## What you will do
Print each entry as it appears. Images stay out of the copy.

[Extracted data entries]
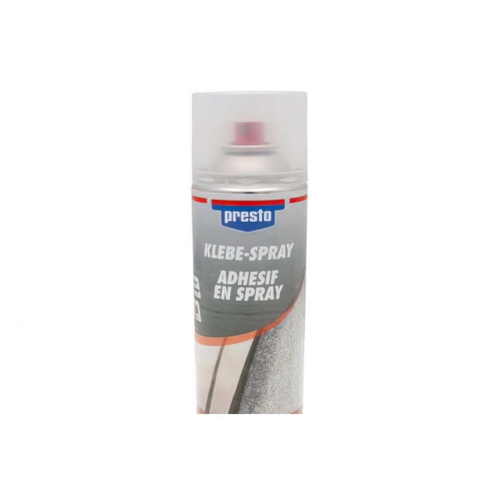 Spray adhesive by Presto, 400ml, multi-purpose, easy-to-use aerosol adhesive for permanent and temporary bonding of materials. The adjustable valve allows for choosing different spray rates. It is versatile and bonds a wide range of materials – textile, leather, metal, plastic, and many more.
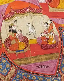 Guru Hargobind, with Mata Nanaki, and four children. From an illustrated and illuminated folio of a Dasam Granth manuscript by Miha Singh of Kashmir, ca.1839–1843
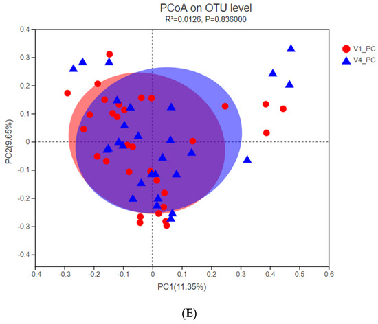 The β-diversity of the gut microbiota at the OTU level was identified using PCoA based on Bray–Curtis distances. The overall microbial composition was observed between both groups (Figure 3C–E). However, the difference between the V1 and V4 of the LcS group and V4 of the LcS group and placebo group were smaller, indicating that LcS did not alter the gut microbiota β-diversity.
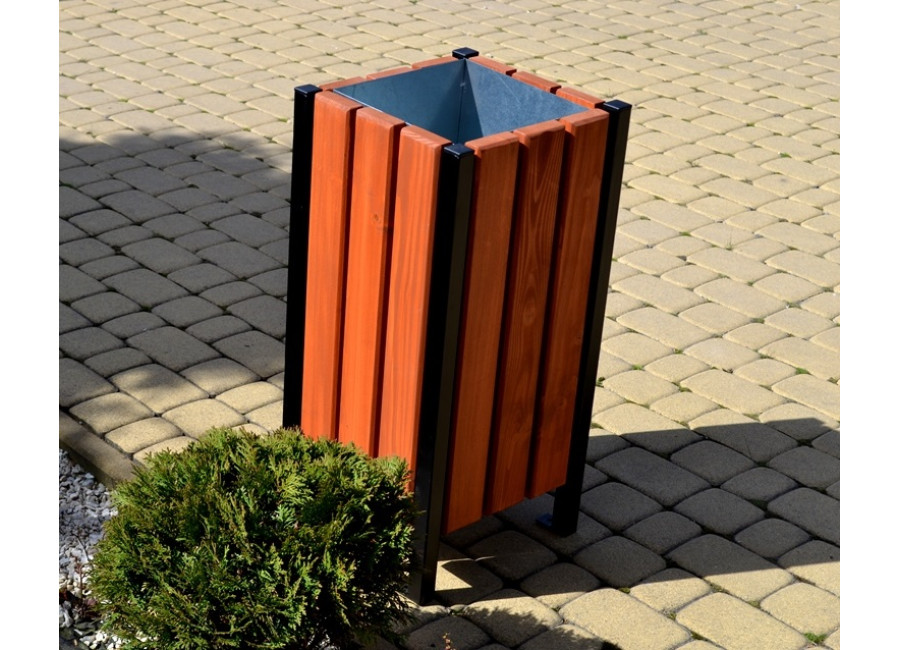 Predstavujeme Vám vonkajší odpadkový kôš K039 s objemom 35 litrov – ideálnu voľbu pre mestá, obce alebo firmy, ktoré hľadajú odolné a esteticky príjemné riešenie pre vonkajšie prostredie. Tento vonkajší odpadkový kôš je vyrábaný z robustných oceľových profilov 30x30x2 mm, zaručujúcich pevnosť a dlhú životnosť. Celá konštrukcia je farbená čiernou antikoróznou farbou s práškovým nástrekom, ktorý poskytuje extra ochranu proti poveternostným vplyvom a predlžuje jej životnosť aj v tých najnáročnejších podmienkach.
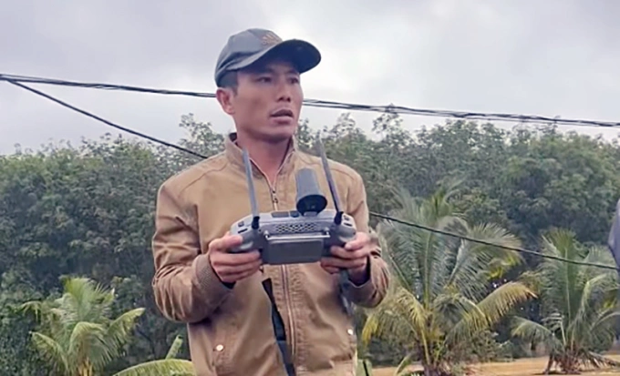 Đăk Lăk- Nghe tin có người mắc kẹt giữa dòng nước xiết ở xã Ea Ô, anh Hoàng Văn Thiện mang chiếc drone nông nghiệp của gia đình bay ra thả phao, cẩu nạn nhân vào bờ, sáng 21/11.
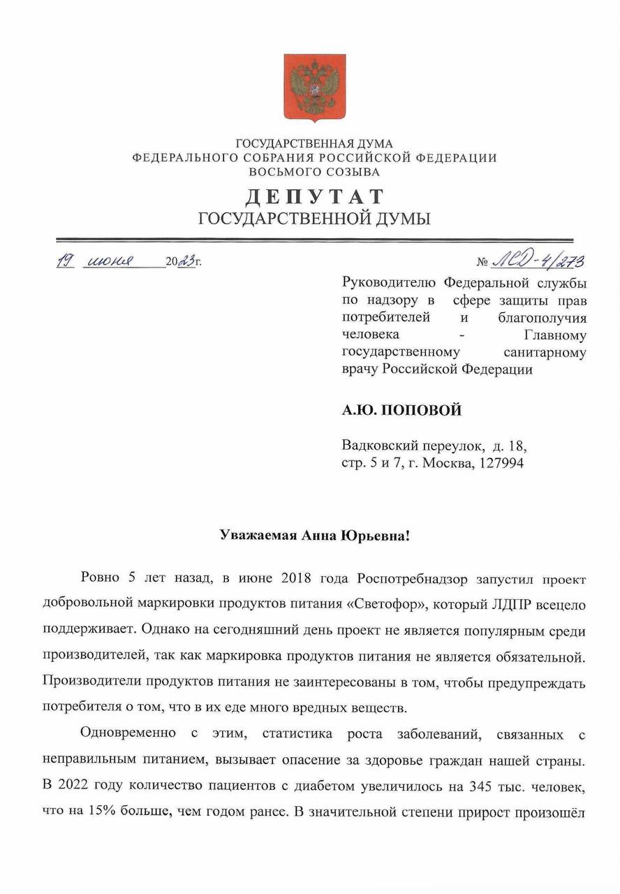 В 2018 году Роспотребнадзор запустил проект добровольной маркировки продуктов «Светофор». Красным цветом выделяется переизбыток соли, сахара, жира и трансжиров, а их нормальные значения — зелёным. Это прекрасная акция, которую ЛДПР всецело поддерживает. Однако в добровольном формате она оказалась неэффективна: производителям невыгодно предупреждать о большом количестве вредных веществ в их продукции.
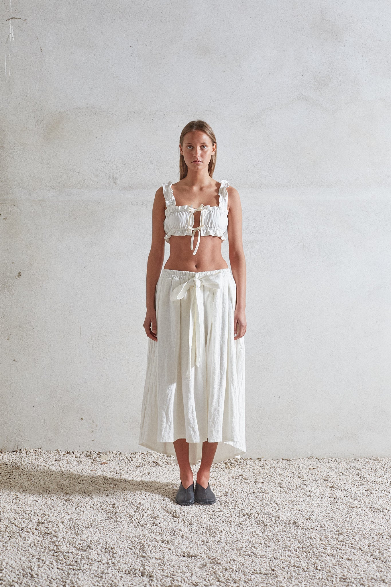 A delicate, feminine top with soft ruffles that add a touch of charm to a summer outfit. Its simple yet graceful design pairs beautifully with many pieces, it remains a favorite for its easy elegance.
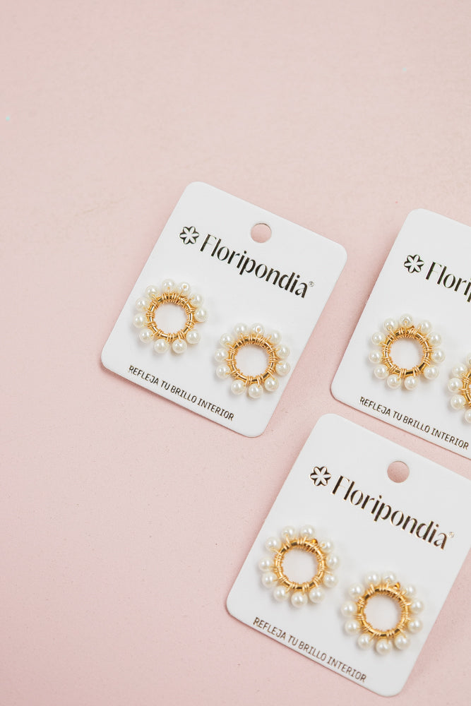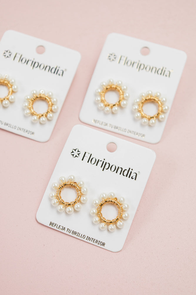 - Topos elaborados en Bronce con baño de oro de 24k con perlas.
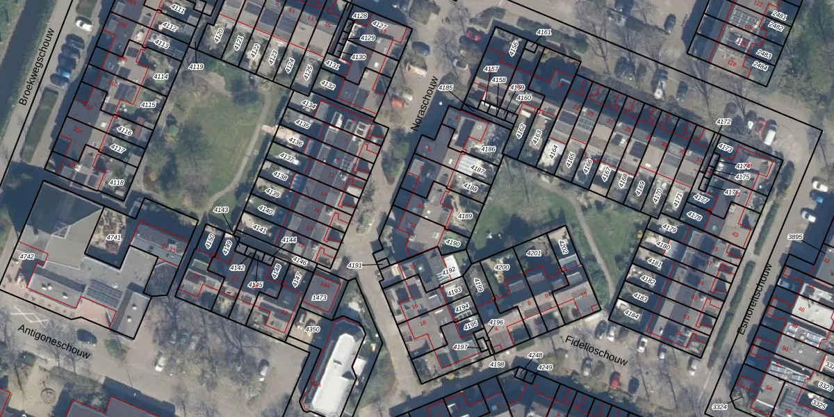 Gebruik de zoekbalk of klik op een perceel voor informatie over de adressen binnen dit perceel.
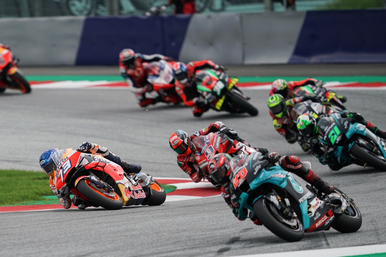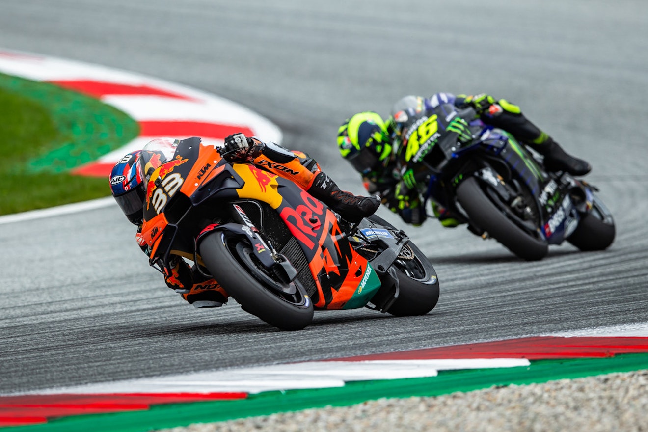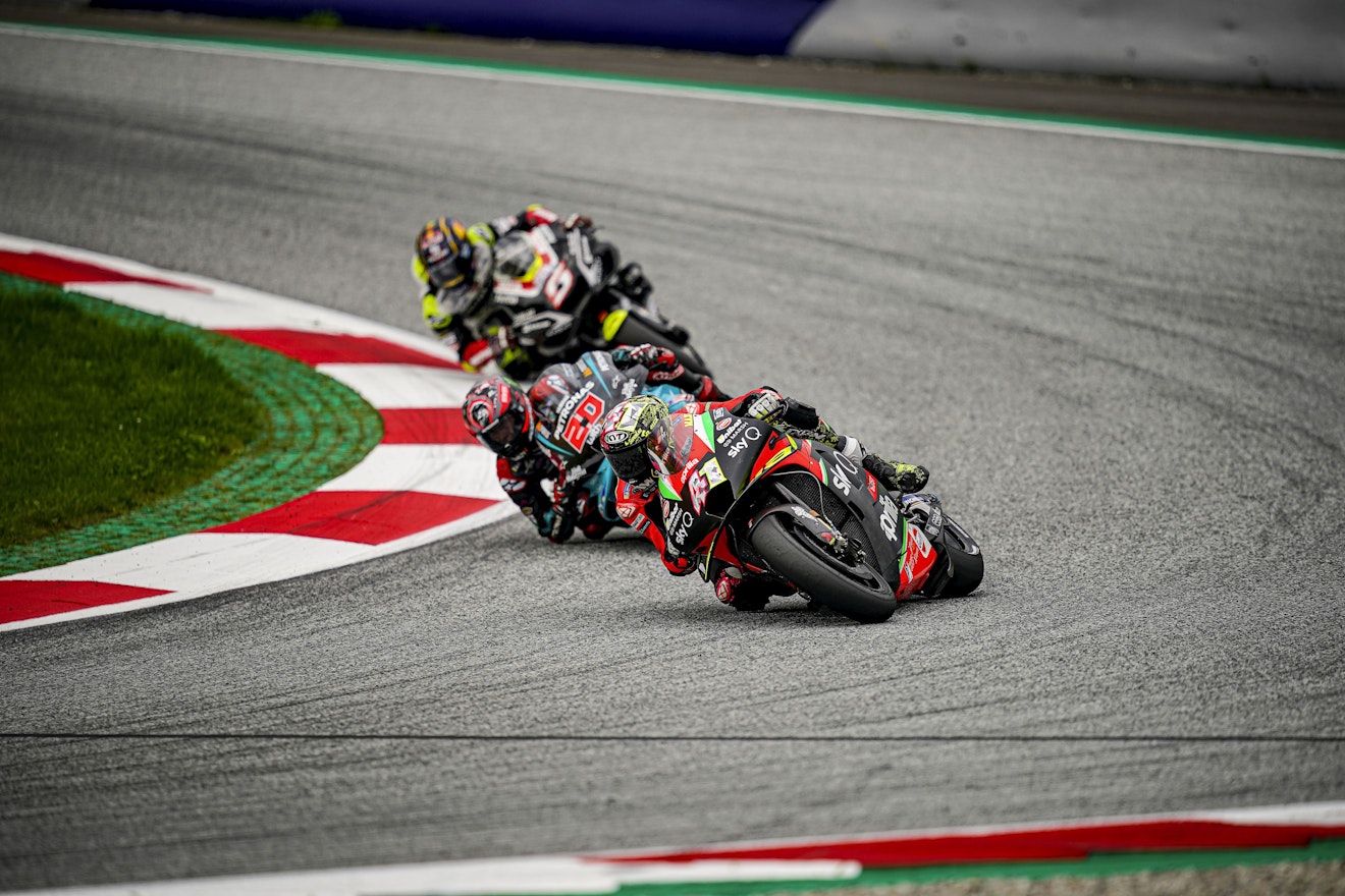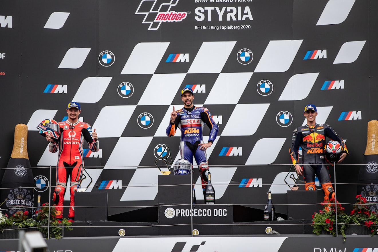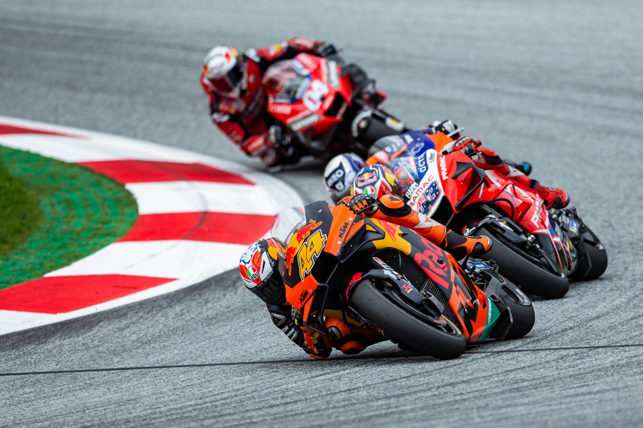 Het was weer een GP om duimen én vingers af te likken, die van Stiermarken. Ondanks dat er voor het tweede opeenvolgende weekend op de Red Bull Ring werd geracet, kregen we toch een totaal wedstrijdverloop voorgeschoteld. Eén waarin de jonge garde de lakens uitdeelde. Op de spectaculaire bail-out van Maverick Vinales - die aanleiding was voor een 'code rood'- na waren er deze keer geen ijzingwekkende crashes. Maar dat wil niet zeggen dat de spanning er niet was. De ontknoping bleek MotoGP op z'n best te zijn. Twee vechtende honden - Pol Espargaro en Jack Miller - én een lachende derde (Miguel Oliveira). Oliveira bezorgde KTM de thuiszege en de tweede winst in vijf GP's in de koningsklasse voor het Oostenrijkse merk. Bovendien was ook deze zege historisch te noemen. Oliveira is de eerste Portugees op een MotoGP-podium én de zege was ook de eerste in de MotoGP voor Tech3, dat KTM's 'tweede' team runt.

## Final answer
 Spray adhesive by Presto, 400ml, multi-purpose, easy-to-use aerosol adhesive for permanent and temporary bonding of materials. The adjustable valve allows for choosing different spray rates. It is versatile and bonds a wide range of materials – textile, leather, metal, plastic, and many more.
 Guru Hargobind, with Mata Nanaki, and four children. From an illustrated and illuminated folio of a Dasam Granth manuscript by Miha Singh of Kashmir, ca.1839–1843
 The β-diversity of the gut microbiota at the OTU level was identified using PCoA based on Bray–Curtis distances. The overall microbial composition was observed between both groups (Figure 3C–E). However, the difference between the V1 and V4 of the LcS group and V4 of the LcS group and placebo group were smaller, indicating that LcS did not alter the gut microbiota β-diversity.
 Predstavujeme Vám vonkajší odpadkový kôš K039 s objemom 35 litrov – ideálnu voľbu pre mestá, obce alebo firmy, ktoré hľadajú odolné a esteticky príjemné riešenie pre vonkajšie prostredie. Tento vonkajší odpadkový kôš je vyrábaný z robustných oceľových profilov 30x30x2 mm, zaručujúcich pevnosť a dlhú životnosť. Celá konštrukcia je farbená čiernou antikoróznou farbou s práškovým nástrekom, ktorý poskytuje extra ochranu proti poveternostným vplyvom a predlžuje jej životnosť aj v tých najnáročnejších podmienkach.
 Đăk Lăk- Nghe tin có người mắc kẹt giữa dòng nước xiết ở xã Ea Ô, anh Hoàng Văn Thiện mang chiếc drone nông nghiệp của gia đình bay ra thả phao, cẩu nạn nhân vào bờ, sáng 21/11.
 В 2018 году Роспотребнадзор запустил проект добровольной маркировки продуктов «Светофор». Красным цветом выделяется переизбыток соли, сахара, жира и трансжиров, а их нормальные значения — зелёным. Это прекрасная акция, которую ЛДПР всецело поддерживает. Однако в добровольном формате она оказалась неэффективна: производителям невыгодно предупреждать о большом количестве вредных веществ в их продукции.
 A delicate, feminine top with soft ruffles that add a touch of charm to a summer outfit. Its simple yet graceful design pairs beautifully with many pieces, it remains a favorite for its easy elegance.
 - Topos elaborados en Bronce con baño de oro de 24k con perlas.
 Gebruik de zoekbalk of klik op een perceel voor informatie over de adressen binnen dit perceel.
 Het was weer een GP om duimen én vingers af te likken, die van Stiermarken. Ondanks dat er voor het tweede opeenvolgende weekend op de Red Bull Ring werd geracet, kregen we toch een totaal wedstrijdverloop voorgeschoteld. Eén waarin de jonge garde de lakens uitdeelde. Op de spectaculaire bail-out van Maverick Vinales - die aanleiding was voor een 'code rood'- na waren er deze keer geen ijzingwekkende crashes. Maar dat wil niet zeggen dat de spanning er niet was. De ontknoping bleek MotoGP op z'n best te zijn. Twee vechtende honden - Pol Espargaro en Jack Miller - én een lachende derde (Miguel Oliveira). Oliveira bezorgde KTM de thuiszege en de tweede winst in vijf GP's in de koningsklasse voor het Oostenrijkse merk. Bovendien was ook deze zege historisch te noemen. Oliveira is de eerste Portugees op een MotoGP-podium én de zege was ook de eerste in de MotoGP voor Tech3, dat KTM's 'tweede' team runt.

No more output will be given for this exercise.